Look out.... Lo's got a blog. :)



just in time for a recent rant on relationships. this began as an email to a friend, and has developed through a few conversations......



i've decided drama is far too crucial to most relationships. for whatever reason, everyone wants his or her life to be like a movie. far more worrying, they don't just WANT their lives to be like movies, they EXPECT them to be that way. a little exposition, introduction of characters, plot complication, tension/suspense, and resolution. people meet each other and immediately try to make themselves seem more interesting than they actually are, so that the other person will continue to be attracted. this is obviously a bad plan, because eventually trying to be interesting will get too difficult, and then you're back at square one. if it does become "a relationship", dramatic episodes have to compensate the constant need for emotional stimuli. so people fight over stupid things or important things or whatever. the Fight, you see, is multi-functional, because it provides drama and also results in either "making up" (the much-promised happy ending) or "breaking up" (the tragic ending that leaves hope for a future "make up" or for the process to begin again).



this is all painfully absurd and pathetic, because in real life, people are generally boring. we're all boring, and the best you can do is look for someone who seems less boring and then enjoy yourselves as much as possible. the drama is both detrimental and undesirable.



this all seems to be epitomized in the traditional process of "getting married" - for lots of people (women anyway) the most narrative, sought after, drama-filled series of events in their lifetime. the whole process previously described is intensified by the prospect of this one being The One. so the relationship involves teleological emotions and events that will ultimately culminate in The Proposal and marriage. here again is the undeniable expectation of DRAMA, and here again it is equally as ridiculous, because it juxtaposes the enormous "let down" of normal life.



this is why i would never marry someone who proposed by means of:



1.) ring in a box, in a box, in a box, in a box, in a great big box.

2.) a highly embarrassing or public demonstration, i.e., scoreboard, skywriting, television/radio.
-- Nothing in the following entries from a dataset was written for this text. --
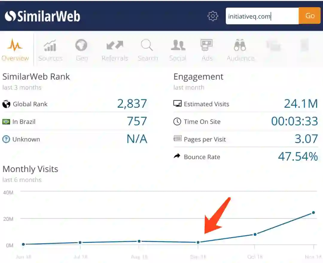 最近海外一个网站排名蹿升飞速 - initiativeq.com,特别是最近两个月的时间访问量暴涨至单月 2400 万的访问,达到了全球两千名的排名,可能这个数据对于很多从业人士不足为奇,但是!如果跟你说,这个产品都完全没有上线,就已经积累的几千万用户呢?
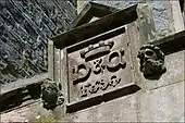 The entrance to Helen's Tower is in a porch that occupies the re-entrant between the base of the square tower and that of the stair tower on the eastern side. The porch has a hipped roof built of lapped (feathered) sandstone courses. The entrance door opens to the south and is surmounted by a square datestone sheltered by a hood mould. The stone shows a coronet, an aristocratic cypher ("monogram") and the year 1850.[9] The coronet has four balls as befits a baron. The cypher shows two opposed uppercase Ds and an ampersand between them (D & Ɑ). A similar device appears on the gable of Helen's Bay railway station (1863) where however the two Ds are interlaced to form a proper monogram rather than a cypher. The description of Helen's Tower on the historic building list says the cypher is short for Dufferin and Ava,[10] interpreting the second D as a lowercase A. However, this cannot be as the coronet is a baron's, the year is 1850, and the marquessate of Dufferin and Ava would only be created in 1888. The Dufferin Memorial Hall in Bangor, built in 1905, shows a very different DA monogram for Dufferin & Ava.
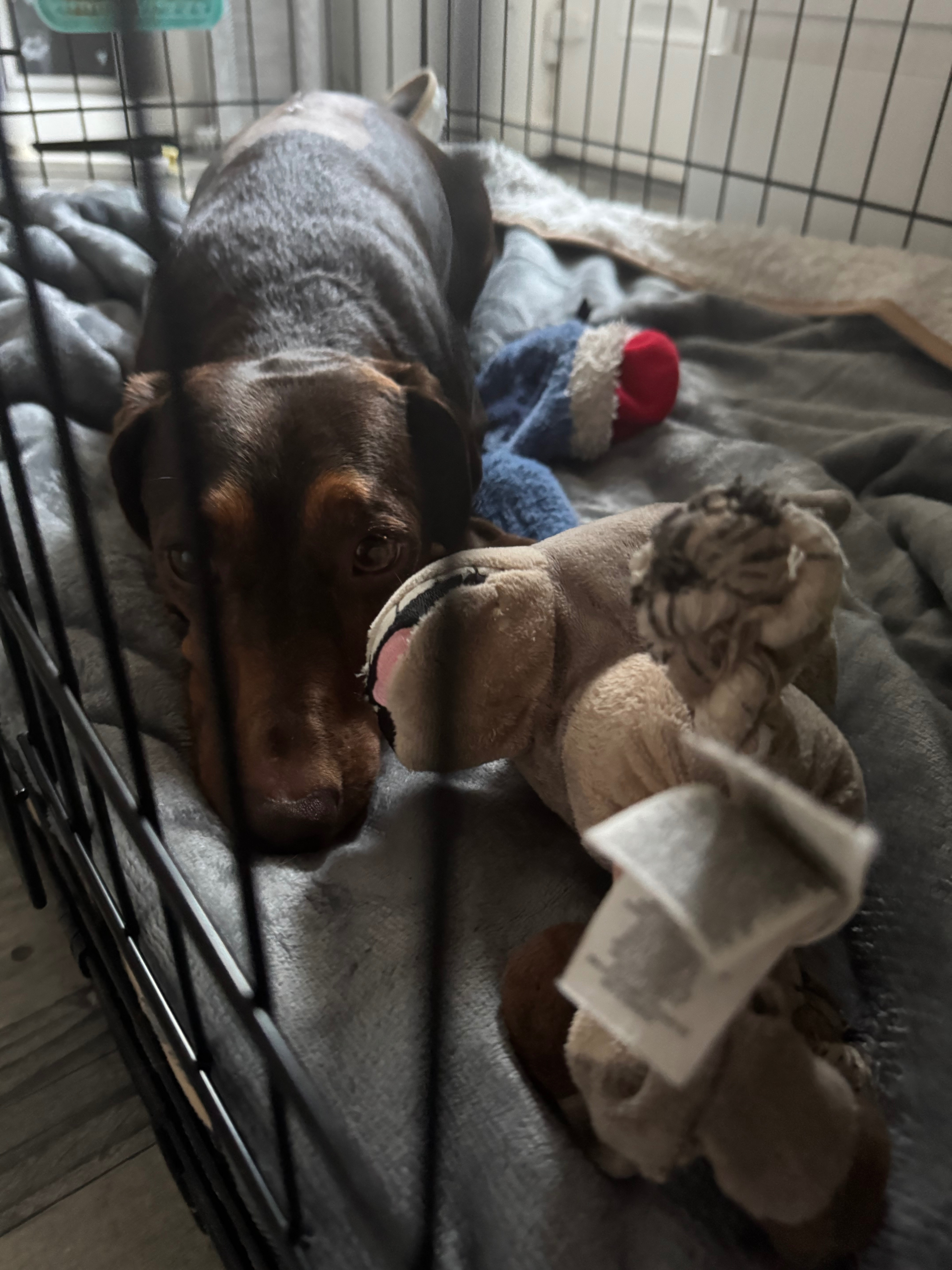 Milo our 3 year old dachshund was a healthy happy little dog up until the 2 July when he started to seem a bit off, after going out to the garden that afternoon Milo come in and we noticed he was dragging his back leg, we immediately contacted our vet and took him in, the vet checked Milo over and diagnosed Milo with ivdd and recommended conservative care. We brought Milo home ready for home care, but unfortunately within a matter of hours Milo had significantly deteriorated and lost all movement in his back legs and his bowels and bladder, we rushed Milo back into the vet where she referred us onto a bigger hospital. The RVC (which I may add was absolutely amazing) admitted Milo and done an mri scan and it was confirmed Milo had stage 5 ivdd from a slipped disk in his back. Milo was taken to surgery on the 4 July. The surgery went well with no complications. Milo remained in the hospital until today. He has been discharged home for us to care for him. So far he is doing well. He is still not able to walk and is on strict crate rest. Milo is going to need pyshiotherapy and hydrotherapy once he has healed a little. His still not able to control his bladder but we are hoping in time this will improve. As you can imagine Milo’s operation fell nothing short of very expensive which we had insurance unfortunately his bill exceeded the amount of his insurance, we have covered some bill ourselves and settled the bill for the vet trips but as you can imagine this hasn’t come cheap, hence the reasoning for this go fund me. We are hoping to be able to raise funds to get Milo the pyshio and hydrotherapy as after his operation has healed and cover the remainder of his vet bills as our funds are now exhausted. I would greatly appreciate anything big or small towards his recovery. Thank you for reading Milo’s story and I am hoping I will be able to update this story in the future with news of our little Milo regaining the ability to walk and having our happy, playful doggo back to himself, walking and comfortable ❤️
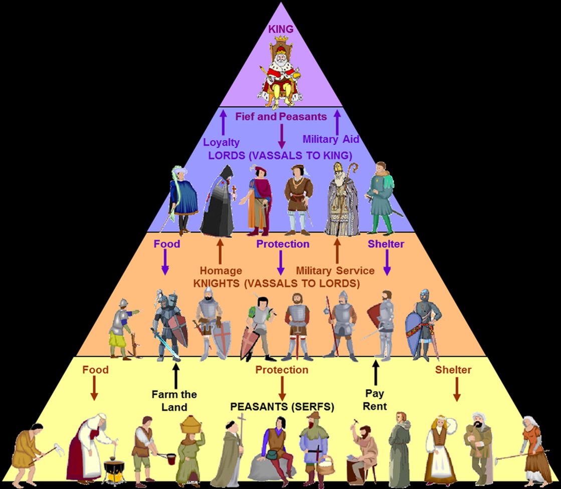 The system is best envisioned as a pyramid with a king (the ultimate “lord”) at the top, and a series of vassalages cascading down to the peasantry. Lower classes granted upper classes resources or military service, while upper classes granted lower classes protection and land.
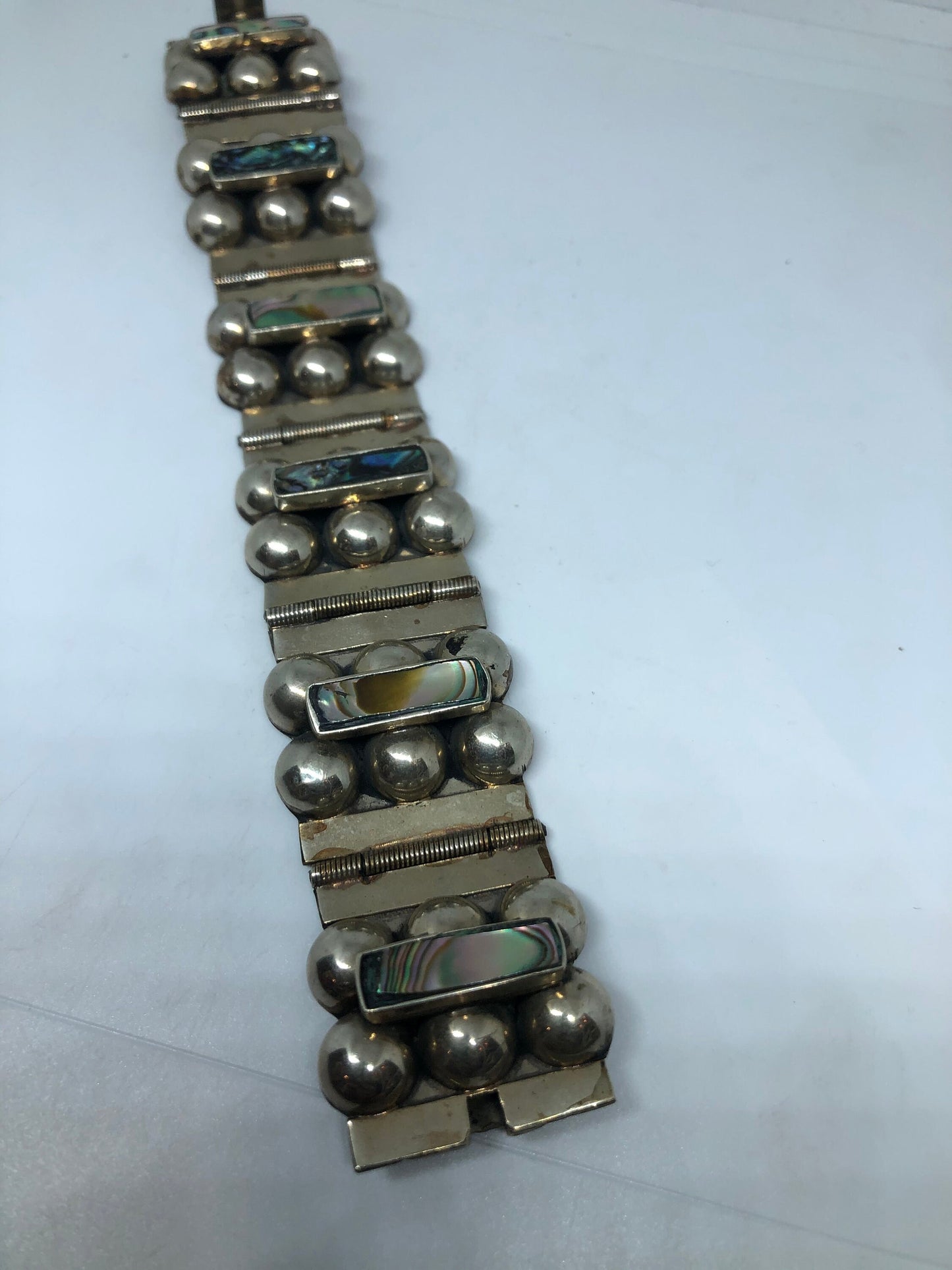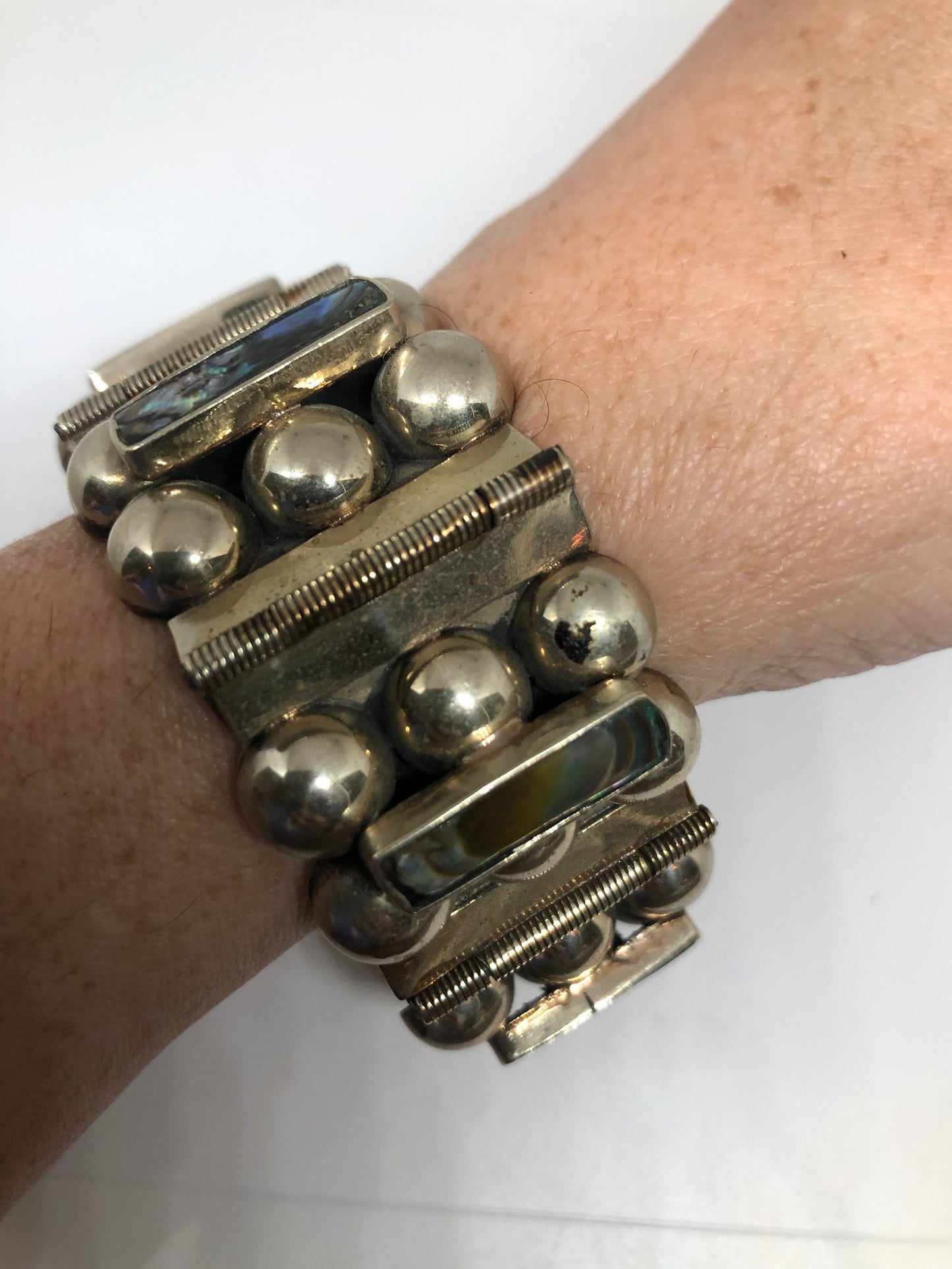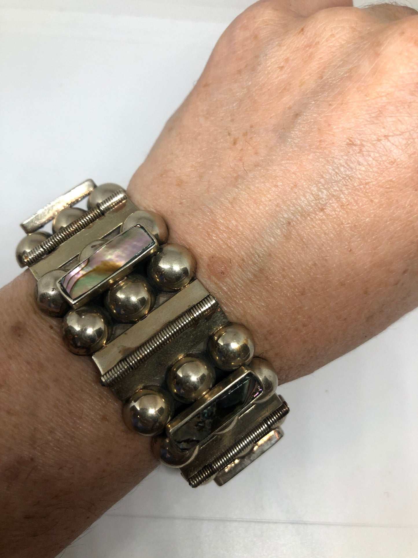 Vintage Abalone Mexican Alpaca Silver cutwork Bracelet
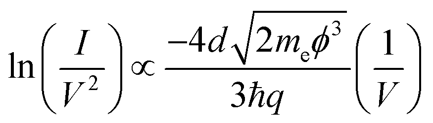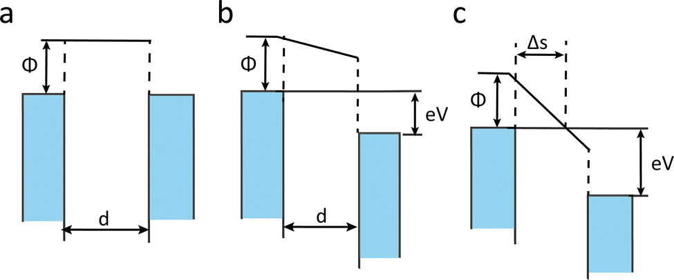 When a voltage bias is applied between two electrodes, the potential difference not only distorts the potential barrier but also provides energy for electrons to tunnel through the insulator.11 Thus, the tunnelling effect can be classified into three regimes based on the shape of the energy barrier, as shown in Fig. 2: (a) Zero bias. When no potential difference exists between the electrodes, the energy barrier is rectangular. (b) Low bias. A small voltage transforms the barrier into a trapezoidal shape. In this regime, the tunnelling current (I) under an applied voltage V can be approximated by:
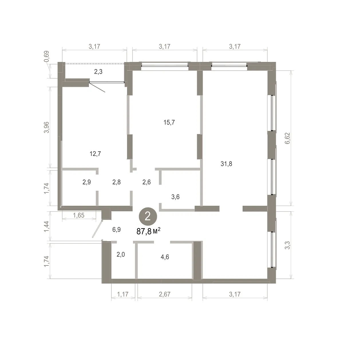 Количество комнат: 2, 87.81 кв.м.
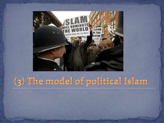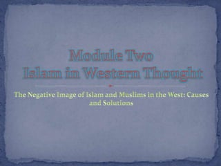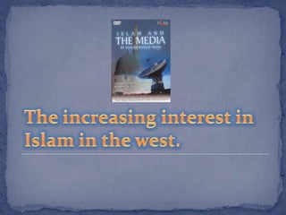 This document discusses the increasing interest in Islam in the West and reasons for negative perceptions of Islam. It analyzes factors that have led to the idea of an "Islamic threat" in Western societies, including political events, increased Muslim migration to Europe, and prejudices rooted in historical rivalries between Islam and Christianity. The document also examines misleading tendencies in how the Western media and experts analyze Muslim communities and issues related to the growing Muslim presence in Western Europe.
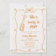 Orange hand drawn whimsical gender neutral baby shower invitation featuring a champagne bottle and popping cork as well as an orange bow frame. This boy's she's ready to pop baby shower invitation is ideal for someone looking for a gender neutral modern whimsical baby shower invitation.
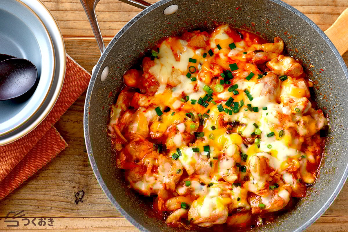 - 鶏肉を炒めて表面に焼き色がついたら、キムチ、みりん、醤油を加えて炒め、チーズを乗せて溶けるまで火にかける。お好みで小ねぎを散らして完成。
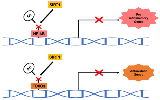 Transcriptional modulation of SIRT1 (adapted from Cheng et al. [64]). Abbreviations: Ac, acetylation; FOXO, forkhead box O; NF-kB, nuclear factor kappa B; SIRT1, sirtuin 1.
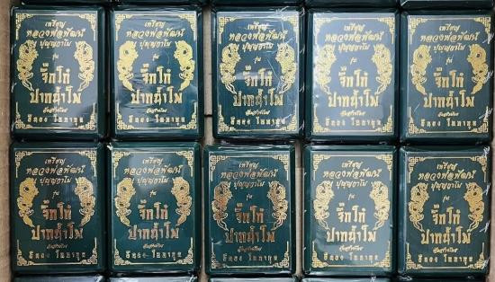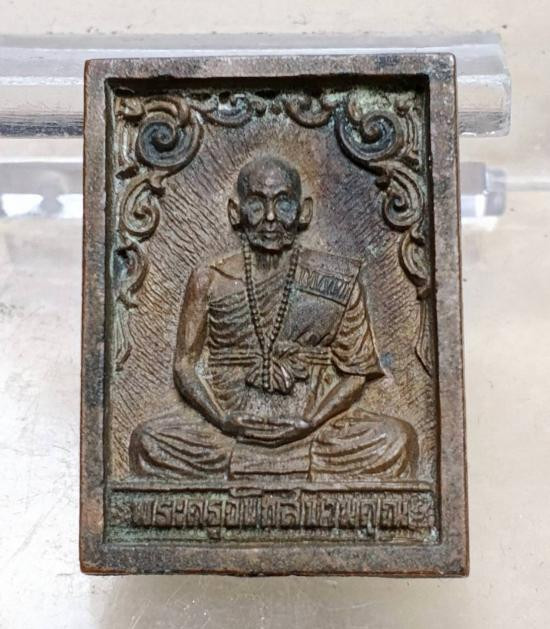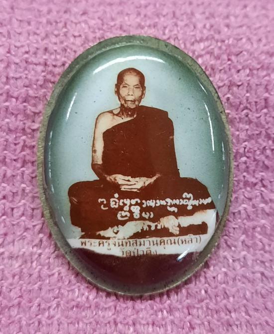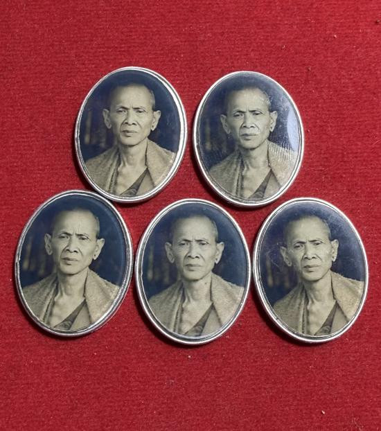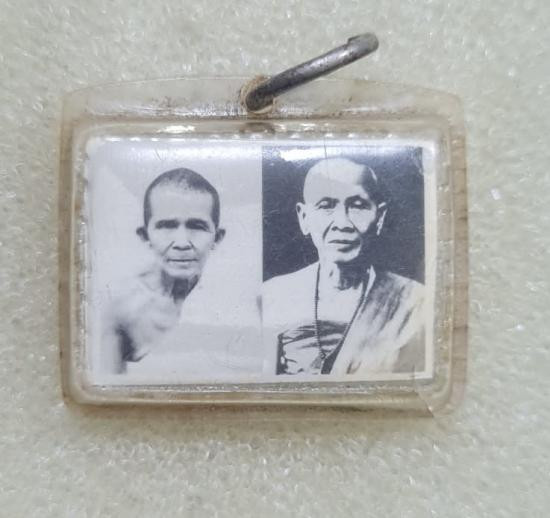 วัดใจ รูปถ่าย ลาภผล พลูทวี พระอาจารย์ราชัน วัดพระธาตุจำม่วง หลังตะกั่วจารมือ เลี่ยมพลาสติกโบราณ |
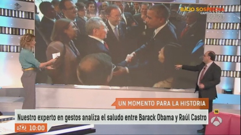 INDICADORES DE MENTIRA Y APRETÓN DE MANOS ENTRE OBAMA-RAUL CASTRO 13 abril, 2015 José Luis Martín Ovejero Colaboración Televisión, Expresión facial, Gestualidad, Háptica (el tacto), La mentira, Paralenguaje Deja un comentario Comparte esto: Haz clic para enviar un enlace por correo electrónico a un amigo (Se abre en una ventana nueva) Correo electrónico Haz clic para imprimir (Se abre en una ventana nueva) Imprimir Tweet Haz clic para compartir en WhatsApp (Se abre en una ventana nueva) WhatsApp MásMe gusta Cargando...
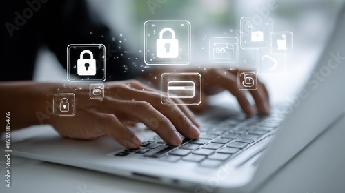 Hands typing on a laptop with security icons floating above the keyboard. Digital safety and online protection are symbolized
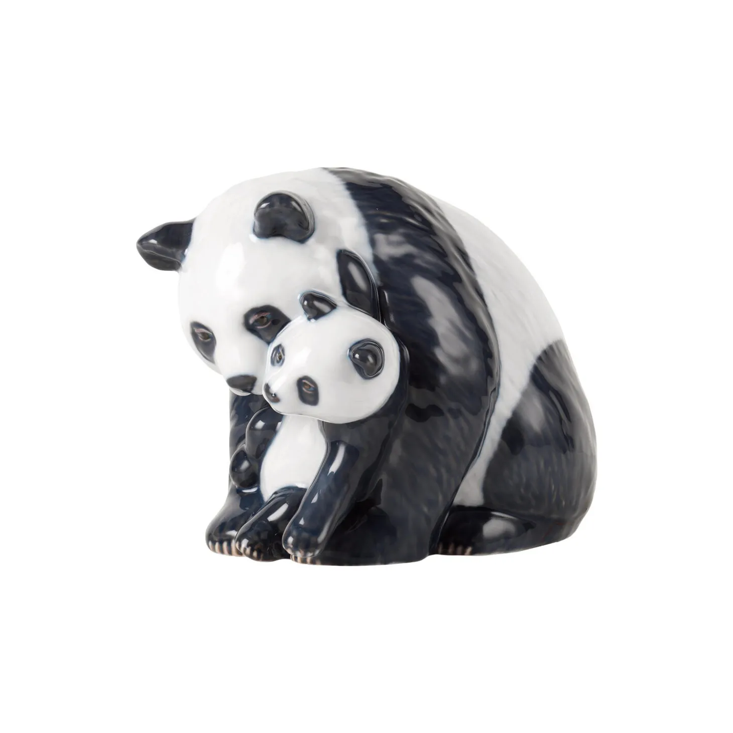 Panda-figuren blev en del af Royal Copenhagens sortiment for første gang i 1994 og nu har den smukke bjørn fundet vej tilbage til vores permanente kollektion. De to panda-figurer afbilder den elskelige bjørn, der nyder et bambus-måltid, og en panda-mor der krammer sin unge.
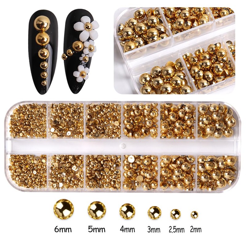 - Nail Pearls - Every Box of Flat back Pearls Come With 6 Sizes: 2mm, 2.5mm, 3mm 4mm, 5mm, 6mm. Multi color nail pearls are commonly used colors that are very suitable for nail art design.

3.) some fancy, special dinner.



each of these fully supports and suggests the idea that the relationship MUST exhibit pre-determined super-special and excessive outpourings of emotion in order to matter. this is also why i'm likely to be single forever.



i realize my assessment doesn't carry much weight, and it is possible that i'm just a heartless mutant who's full of shit. after all, WHY would we choose to act this way? perhaps it's a neurological thing? are we just naturally drawn to anything that excites the emotions? does this somehow relate to Homer's epics? (doesn't EVERYTHING?)



an interesting caveat to this drama thing was added by Petra during a conversation about why women wear makeup. here's the physical act of putting on a costume, a mask - making yourself into someone else. i was never troubled by this until i read Simone de Beauvoir's The Second Sex, and felt extremely confronted by my social conditioning. clearly, we're not going to deconstruct the conventions that make women feel they have to wear makeup, but i think it must adversely contribute to our general perception of Life as a little show we star in.



the shitty part is, it's not like any of this makes us feel good. more often than not, the most dramatic relationships end badly (owing to their inability to maintain constant high levels of action). while it all seems important at the time, you look back on a specific fight or that bitch in california or that guy from last year and say, "What the hell was I thinking?". once the excitement dies down, it's a little embarrassing. still, we don't like the way the woman looks without makeup; maybe a little drama is necessary.



but from here on out, i'm all about low-drama relationships.

Wednesday, April 16, 2003

This is a test. "Happy Birthday," Lo!